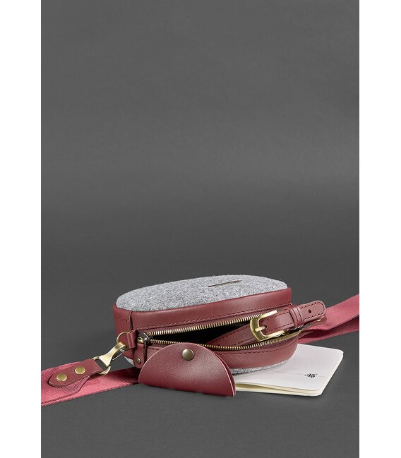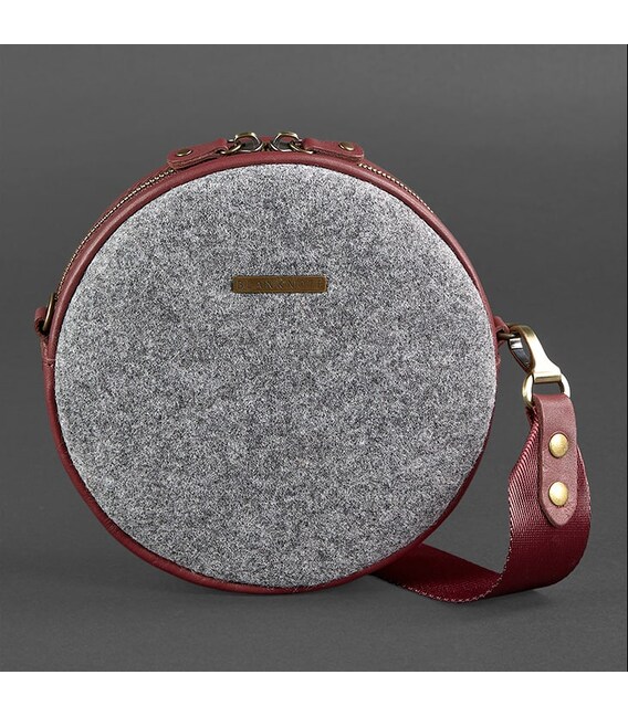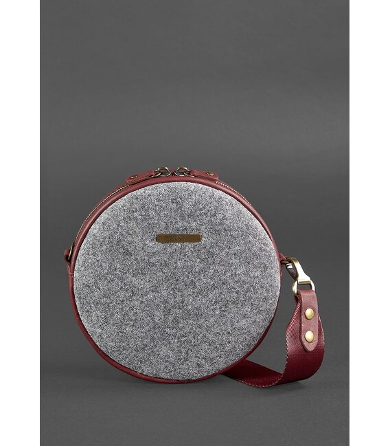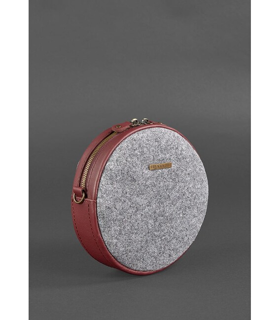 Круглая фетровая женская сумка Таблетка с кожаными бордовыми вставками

........

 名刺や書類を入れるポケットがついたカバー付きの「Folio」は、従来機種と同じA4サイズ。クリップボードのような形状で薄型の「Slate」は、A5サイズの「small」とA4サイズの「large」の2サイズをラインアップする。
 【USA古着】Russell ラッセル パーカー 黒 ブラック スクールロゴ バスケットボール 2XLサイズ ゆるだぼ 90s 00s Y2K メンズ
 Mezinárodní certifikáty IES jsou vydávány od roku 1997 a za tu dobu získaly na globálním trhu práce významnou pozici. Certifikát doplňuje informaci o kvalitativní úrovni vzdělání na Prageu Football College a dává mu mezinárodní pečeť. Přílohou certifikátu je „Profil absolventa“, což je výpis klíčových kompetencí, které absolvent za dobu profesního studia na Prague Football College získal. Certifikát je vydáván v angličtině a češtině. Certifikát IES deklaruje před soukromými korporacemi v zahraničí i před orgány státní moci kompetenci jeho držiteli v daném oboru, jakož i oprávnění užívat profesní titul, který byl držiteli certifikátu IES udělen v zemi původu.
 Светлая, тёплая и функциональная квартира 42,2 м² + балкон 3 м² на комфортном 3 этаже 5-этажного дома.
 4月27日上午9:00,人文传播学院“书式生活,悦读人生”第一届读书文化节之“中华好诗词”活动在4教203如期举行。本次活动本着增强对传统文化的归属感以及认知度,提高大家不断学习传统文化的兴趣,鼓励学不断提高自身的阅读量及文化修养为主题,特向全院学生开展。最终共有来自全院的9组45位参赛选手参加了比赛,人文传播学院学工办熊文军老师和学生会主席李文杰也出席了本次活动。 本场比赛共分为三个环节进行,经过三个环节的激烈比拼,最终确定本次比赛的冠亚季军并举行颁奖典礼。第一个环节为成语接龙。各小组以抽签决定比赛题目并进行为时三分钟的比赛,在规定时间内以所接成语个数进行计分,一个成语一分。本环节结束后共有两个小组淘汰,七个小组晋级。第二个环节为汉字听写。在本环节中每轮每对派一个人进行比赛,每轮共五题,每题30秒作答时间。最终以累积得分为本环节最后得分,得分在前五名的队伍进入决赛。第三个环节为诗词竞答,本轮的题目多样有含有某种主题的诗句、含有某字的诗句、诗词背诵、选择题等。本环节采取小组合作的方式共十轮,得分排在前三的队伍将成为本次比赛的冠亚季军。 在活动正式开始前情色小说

........

Task item. All lines above from the one holding "名刺や書類を入れるポケットが" to the one holding "00s Y2K メンズ", inclusive, are to be copied exactly; no other line is wanted.

Problem solution.
 名刺や書類を入れるポケットがついたカバー付きの「Folio」は、従来機種と同じA4サイズ。クリップボードのような形状で薄型の「Slate」は、A5サイズの「small」とA4サイズの「large」の2サイズをラインアップする。
 【USA古着】Russell ラッセル パーカー 黒 ブラック スクールロゴ バスケットボール 2XLサイズ ゆるだぼ 90s 00s Y2K メンズ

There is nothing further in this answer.